Evaluate Checkpoints Trained by NeMo Framework#

This guide provides step-by-step instructions for evaluating checkpoints trained using the NeMo Framework with the Megatron-Core backend. This section specifically covers evaluation with nvidia-lm-eval, a wrapper around the lm-evaluation-harness tool.

Here, we focus on benchmarks in the lm-evaluation-harness that rely on text generation. In this approach, the model is given a prompt such as a question to answer, an instruction to follow, or a text to continue, and its response is then evaluated for correctness.

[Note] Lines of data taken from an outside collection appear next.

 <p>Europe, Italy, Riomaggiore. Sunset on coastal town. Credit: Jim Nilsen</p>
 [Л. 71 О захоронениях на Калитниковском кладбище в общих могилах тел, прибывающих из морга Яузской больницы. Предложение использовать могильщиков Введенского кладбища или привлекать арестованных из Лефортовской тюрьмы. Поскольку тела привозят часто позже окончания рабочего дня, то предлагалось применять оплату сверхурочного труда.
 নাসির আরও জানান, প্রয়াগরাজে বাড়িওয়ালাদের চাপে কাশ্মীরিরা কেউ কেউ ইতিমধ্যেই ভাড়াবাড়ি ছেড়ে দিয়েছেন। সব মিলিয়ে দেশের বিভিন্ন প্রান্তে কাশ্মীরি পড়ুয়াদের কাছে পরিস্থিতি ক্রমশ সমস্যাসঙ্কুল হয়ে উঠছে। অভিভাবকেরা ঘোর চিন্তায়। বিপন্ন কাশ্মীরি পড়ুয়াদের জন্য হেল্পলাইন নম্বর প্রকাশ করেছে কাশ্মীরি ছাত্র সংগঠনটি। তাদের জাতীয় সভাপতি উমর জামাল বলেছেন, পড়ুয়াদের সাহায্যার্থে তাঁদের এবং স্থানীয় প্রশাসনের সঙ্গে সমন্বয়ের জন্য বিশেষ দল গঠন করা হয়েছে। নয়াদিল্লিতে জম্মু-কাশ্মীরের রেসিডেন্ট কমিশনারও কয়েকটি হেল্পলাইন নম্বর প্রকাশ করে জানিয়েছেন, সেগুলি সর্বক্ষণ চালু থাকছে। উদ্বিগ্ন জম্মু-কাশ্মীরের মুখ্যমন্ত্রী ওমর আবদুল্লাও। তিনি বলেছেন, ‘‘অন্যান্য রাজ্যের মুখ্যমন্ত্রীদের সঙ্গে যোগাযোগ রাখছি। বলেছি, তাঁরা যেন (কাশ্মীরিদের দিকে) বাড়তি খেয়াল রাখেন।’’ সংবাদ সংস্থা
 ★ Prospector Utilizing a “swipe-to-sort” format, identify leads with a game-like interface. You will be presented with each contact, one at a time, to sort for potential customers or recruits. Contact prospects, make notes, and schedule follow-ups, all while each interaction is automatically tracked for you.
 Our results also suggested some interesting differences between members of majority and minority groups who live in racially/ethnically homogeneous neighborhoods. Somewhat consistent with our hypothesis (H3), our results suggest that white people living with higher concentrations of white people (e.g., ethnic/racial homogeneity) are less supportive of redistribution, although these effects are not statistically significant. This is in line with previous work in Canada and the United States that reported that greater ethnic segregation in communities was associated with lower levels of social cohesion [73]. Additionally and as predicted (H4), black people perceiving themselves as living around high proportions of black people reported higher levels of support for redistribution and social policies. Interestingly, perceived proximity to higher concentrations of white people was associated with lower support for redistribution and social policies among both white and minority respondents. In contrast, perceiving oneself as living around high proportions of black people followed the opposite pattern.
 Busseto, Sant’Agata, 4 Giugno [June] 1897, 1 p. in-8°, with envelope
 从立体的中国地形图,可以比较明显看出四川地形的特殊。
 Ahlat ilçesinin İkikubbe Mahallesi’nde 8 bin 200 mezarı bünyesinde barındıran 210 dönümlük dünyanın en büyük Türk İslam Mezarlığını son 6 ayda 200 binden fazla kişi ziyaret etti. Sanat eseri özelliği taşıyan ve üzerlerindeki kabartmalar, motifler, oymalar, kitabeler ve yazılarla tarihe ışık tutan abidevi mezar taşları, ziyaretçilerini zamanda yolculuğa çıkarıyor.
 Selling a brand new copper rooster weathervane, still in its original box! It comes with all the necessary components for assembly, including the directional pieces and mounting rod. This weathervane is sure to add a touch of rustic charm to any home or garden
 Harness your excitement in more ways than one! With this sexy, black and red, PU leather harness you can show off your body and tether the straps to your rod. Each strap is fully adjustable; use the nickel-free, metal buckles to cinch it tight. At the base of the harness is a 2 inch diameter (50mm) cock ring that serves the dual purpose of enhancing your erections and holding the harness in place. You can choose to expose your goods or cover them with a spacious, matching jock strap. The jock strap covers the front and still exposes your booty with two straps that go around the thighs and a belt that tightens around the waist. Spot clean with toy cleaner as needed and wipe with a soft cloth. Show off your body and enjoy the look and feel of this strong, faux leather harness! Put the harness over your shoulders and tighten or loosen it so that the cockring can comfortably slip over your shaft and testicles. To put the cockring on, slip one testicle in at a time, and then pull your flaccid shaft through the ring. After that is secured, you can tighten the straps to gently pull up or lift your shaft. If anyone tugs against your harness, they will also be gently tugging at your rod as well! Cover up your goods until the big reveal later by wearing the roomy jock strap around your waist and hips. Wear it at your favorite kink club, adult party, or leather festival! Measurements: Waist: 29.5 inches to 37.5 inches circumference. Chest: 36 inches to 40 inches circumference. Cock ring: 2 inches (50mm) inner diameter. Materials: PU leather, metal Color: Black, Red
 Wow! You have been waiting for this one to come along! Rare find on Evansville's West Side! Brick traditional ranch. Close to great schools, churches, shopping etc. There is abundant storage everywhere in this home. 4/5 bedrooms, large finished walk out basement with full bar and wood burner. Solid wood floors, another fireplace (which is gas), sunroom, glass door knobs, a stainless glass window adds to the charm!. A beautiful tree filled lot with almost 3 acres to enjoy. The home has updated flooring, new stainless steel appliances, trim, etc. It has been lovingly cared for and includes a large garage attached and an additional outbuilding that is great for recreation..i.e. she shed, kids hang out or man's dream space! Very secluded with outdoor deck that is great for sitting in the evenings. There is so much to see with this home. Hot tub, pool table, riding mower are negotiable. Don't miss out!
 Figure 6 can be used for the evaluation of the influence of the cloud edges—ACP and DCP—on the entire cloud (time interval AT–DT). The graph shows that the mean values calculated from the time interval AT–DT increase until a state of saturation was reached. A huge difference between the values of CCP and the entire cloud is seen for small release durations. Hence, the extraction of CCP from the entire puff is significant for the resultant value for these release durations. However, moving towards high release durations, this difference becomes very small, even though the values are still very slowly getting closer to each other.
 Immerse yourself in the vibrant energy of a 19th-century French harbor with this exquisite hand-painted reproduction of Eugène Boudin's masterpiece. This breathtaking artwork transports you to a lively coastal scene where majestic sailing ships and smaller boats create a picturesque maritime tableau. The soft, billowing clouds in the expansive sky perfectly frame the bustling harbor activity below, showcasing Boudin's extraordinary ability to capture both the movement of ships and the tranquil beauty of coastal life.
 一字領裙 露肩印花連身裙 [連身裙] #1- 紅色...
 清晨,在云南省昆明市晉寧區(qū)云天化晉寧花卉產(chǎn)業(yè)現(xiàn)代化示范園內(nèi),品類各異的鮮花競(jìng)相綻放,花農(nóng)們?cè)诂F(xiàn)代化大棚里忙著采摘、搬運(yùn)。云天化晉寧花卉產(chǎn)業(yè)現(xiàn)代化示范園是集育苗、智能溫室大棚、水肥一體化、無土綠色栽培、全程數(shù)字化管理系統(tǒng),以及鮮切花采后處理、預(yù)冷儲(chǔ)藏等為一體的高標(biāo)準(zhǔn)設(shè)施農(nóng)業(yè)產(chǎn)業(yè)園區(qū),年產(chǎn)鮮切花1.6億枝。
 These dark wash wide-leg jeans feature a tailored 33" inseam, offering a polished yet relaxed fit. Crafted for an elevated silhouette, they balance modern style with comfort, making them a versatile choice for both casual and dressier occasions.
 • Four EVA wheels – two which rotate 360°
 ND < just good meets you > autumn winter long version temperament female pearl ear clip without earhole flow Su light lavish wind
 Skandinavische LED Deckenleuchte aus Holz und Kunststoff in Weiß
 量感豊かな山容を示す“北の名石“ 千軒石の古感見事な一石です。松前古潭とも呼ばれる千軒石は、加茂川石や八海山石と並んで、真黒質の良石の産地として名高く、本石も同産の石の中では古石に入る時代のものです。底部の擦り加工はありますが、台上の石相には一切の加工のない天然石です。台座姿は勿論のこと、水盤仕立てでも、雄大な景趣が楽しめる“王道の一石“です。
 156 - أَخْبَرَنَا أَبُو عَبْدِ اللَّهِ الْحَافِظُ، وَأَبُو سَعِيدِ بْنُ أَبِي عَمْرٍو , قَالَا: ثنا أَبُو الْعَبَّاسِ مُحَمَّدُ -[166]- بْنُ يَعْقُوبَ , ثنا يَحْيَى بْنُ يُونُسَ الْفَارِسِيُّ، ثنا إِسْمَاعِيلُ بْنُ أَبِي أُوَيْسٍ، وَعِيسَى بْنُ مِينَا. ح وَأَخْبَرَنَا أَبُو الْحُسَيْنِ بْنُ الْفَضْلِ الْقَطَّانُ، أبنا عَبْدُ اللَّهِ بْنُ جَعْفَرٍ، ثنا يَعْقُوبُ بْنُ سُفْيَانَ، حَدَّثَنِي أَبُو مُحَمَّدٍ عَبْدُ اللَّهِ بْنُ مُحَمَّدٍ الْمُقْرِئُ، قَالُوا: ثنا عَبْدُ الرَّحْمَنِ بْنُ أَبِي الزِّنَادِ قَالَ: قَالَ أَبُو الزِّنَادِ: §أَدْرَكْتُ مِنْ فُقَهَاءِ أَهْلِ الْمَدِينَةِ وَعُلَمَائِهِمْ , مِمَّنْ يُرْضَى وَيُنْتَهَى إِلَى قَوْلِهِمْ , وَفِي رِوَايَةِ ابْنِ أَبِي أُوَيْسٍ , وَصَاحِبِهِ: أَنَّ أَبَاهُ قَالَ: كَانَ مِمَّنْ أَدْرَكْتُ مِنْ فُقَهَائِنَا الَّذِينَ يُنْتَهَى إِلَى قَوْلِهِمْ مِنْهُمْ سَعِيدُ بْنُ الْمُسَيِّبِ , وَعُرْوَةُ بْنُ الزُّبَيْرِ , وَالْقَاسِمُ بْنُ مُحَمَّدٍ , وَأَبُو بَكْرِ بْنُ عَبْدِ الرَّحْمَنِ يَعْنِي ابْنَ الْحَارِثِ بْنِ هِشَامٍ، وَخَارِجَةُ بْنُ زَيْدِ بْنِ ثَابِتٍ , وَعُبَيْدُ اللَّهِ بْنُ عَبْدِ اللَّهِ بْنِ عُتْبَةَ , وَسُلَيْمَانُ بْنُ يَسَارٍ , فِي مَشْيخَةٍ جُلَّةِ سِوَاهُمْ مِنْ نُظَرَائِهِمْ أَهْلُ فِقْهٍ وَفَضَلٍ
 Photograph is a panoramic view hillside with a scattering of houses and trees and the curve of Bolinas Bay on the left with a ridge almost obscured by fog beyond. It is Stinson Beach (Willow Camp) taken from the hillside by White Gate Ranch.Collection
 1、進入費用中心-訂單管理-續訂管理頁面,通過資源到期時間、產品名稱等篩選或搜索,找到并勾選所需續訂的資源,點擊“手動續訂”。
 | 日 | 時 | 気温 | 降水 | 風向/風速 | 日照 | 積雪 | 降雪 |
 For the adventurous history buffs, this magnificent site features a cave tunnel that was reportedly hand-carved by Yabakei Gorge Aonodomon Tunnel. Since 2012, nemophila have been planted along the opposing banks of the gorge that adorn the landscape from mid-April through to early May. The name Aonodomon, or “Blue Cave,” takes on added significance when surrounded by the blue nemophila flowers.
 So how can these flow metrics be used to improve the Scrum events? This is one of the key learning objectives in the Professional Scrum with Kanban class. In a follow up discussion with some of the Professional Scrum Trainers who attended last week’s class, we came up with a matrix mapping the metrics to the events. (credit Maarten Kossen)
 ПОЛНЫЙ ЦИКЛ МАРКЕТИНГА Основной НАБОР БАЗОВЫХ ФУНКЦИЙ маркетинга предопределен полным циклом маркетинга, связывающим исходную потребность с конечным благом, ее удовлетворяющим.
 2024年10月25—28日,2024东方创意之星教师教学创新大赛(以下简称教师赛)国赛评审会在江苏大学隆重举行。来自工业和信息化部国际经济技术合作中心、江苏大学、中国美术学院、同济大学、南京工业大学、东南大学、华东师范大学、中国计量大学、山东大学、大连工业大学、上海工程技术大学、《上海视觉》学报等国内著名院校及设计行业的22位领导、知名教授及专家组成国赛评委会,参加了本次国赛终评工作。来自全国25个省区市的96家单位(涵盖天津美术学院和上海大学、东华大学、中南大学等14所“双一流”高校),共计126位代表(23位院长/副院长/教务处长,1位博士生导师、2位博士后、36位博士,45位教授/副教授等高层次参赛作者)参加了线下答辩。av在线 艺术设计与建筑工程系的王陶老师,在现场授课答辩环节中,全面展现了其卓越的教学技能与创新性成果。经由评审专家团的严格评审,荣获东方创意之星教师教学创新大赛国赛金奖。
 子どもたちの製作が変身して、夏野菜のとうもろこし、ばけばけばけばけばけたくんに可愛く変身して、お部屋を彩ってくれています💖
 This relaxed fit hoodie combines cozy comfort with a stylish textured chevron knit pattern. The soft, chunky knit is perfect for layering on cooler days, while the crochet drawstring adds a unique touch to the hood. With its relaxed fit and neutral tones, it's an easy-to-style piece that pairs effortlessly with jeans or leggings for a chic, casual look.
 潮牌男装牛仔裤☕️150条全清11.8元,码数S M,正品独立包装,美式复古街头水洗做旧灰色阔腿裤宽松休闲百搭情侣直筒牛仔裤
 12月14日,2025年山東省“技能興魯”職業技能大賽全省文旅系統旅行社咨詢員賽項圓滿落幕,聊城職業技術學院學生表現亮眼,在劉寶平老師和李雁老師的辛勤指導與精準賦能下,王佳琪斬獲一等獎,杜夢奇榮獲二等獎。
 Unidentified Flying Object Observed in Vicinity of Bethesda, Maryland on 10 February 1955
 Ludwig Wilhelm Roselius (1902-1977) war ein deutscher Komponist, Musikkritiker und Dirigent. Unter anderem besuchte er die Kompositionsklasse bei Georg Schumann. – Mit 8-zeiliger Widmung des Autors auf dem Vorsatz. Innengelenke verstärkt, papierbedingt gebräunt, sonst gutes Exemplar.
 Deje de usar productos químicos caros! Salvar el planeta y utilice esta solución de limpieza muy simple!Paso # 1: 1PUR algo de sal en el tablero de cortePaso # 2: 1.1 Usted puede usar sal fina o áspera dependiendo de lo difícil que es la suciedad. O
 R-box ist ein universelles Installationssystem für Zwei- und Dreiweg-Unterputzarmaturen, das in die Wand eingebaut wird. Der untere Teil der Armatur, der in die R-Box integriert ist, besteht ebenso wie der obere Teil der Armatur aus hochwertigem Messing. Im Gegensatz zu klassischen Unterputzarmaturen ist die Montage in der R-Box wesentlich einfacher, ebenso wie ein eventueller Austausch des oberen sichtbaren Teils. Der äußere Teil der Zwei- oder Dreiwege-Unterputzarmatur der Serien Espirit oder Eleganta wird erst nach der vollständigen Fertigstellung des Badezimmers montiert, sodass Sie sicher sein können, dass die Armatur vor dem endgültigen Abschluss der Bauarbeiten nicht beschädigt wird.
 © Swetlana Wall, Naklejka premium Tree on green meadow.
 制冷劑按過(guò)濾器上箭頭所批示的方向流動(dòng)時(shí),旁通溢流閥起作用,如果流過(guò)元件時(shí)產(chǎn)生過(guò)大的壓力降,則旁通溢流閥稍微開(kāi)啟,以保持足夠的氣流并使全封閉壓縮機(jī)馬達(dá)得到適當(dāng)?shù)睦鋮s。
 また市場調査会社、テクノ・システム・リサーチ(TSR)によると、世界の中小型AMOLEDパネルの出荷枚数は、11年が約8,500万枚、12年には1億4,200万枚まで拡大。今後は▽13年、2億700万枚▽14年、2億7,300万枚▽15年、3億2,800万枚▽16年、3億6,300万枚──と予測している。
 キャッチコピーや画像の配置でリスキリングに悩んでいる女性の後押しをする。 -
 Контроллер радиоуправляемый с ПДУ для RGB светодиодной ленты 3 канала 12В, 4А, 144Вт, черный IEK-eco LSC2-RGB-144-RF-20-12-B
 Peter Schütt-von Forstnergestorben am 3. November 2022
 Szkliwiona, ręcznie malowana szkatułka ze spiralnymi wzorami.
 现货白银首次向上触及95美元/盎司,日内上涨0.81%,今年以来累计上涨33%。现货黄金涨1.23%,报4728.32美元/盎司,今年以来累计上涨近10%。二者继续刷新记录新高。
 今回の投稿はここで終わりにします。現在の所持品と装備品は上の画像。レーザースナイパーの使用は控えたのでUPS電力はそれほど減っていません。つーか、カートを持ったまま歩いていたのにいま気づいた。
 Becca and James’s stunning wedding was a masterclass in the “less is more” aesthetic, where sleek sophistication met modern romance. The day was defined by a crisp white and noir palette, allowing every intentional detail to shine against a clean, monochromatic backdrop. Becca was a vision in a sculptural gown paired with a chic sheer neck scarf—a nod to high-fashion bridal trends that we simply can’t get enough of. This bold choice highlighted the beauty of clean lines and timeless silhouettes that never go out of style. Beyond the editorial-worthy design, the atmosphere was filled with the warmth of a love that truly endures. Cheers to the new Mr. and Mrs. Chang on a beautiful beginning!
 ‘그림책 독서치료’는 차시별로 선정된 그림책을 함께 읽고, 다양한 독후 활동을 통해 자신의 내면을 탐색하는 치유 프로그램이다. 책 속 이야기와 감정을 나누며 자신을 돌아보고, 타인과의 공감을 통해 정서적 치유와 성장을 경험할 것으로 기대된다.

An alternative approach to LLM evaluation utilizes log-probabilities. To learn more, please refer to “Evaluate LLMs Using Log-Probabilities”.

Use the show_available_tasks function to list the evaluation configs available in your environment:

from nvidia_eval_commons.core.entrypoint import show_available_tasks

show_available_tasks()

This will print a list of eval harnesses and configs available in each of them:

lm-evaluation-harness: 
  * mmlu
  * mmlu_instruct
  * mmlu_cot_0_shot_chat
  * ifeval
  * mmlu_pro
  * mmlu_pro_instruct
  * mmlu_redux
  ...
  * bbq
  * arc_multilingual
  * hellaswag_multilingual
  * mmlu_prox

Deploy and Evaluate NeMo Checkpoints#

The evaluation process employs a server-client approach, comprising two main phases.

Phase 1: Model Deployment
- Deployment via PyTriton: The NeMo Framework checkpoint is deployed in-framework on a PyTriton server by exposing OpenAI API (OAI) compatible endpoints. Both completions (v1/completions) and chat-completions (v1/chat/completions) endpoints are exposed, enabling evaluation on both completion and chat benchmarks.
- Deployment via Ray: The NeMo Framework checkpoint can also be deployed in-framework on a Ray server. Ray Serve provides support for multi-instance evaluations, along with OpenAI API (OAI) compatible endpoints. Both completions (v1/completions) and chat-completions (v1/chat/completions) endpoints are exposed. For more details on evaluations with Ray Serve, refer to “Use Ray Serve for Multi-Instance Evaluations”.
Phase 2: Model Evaluation
- Evaluation via OAI Endpoints: Once the model is deployed, evaluation is performed by sending benchmark requests to the exposed OAI-compatible endpoints using their respective port. This allows assessment across a range of tasks and harnesses.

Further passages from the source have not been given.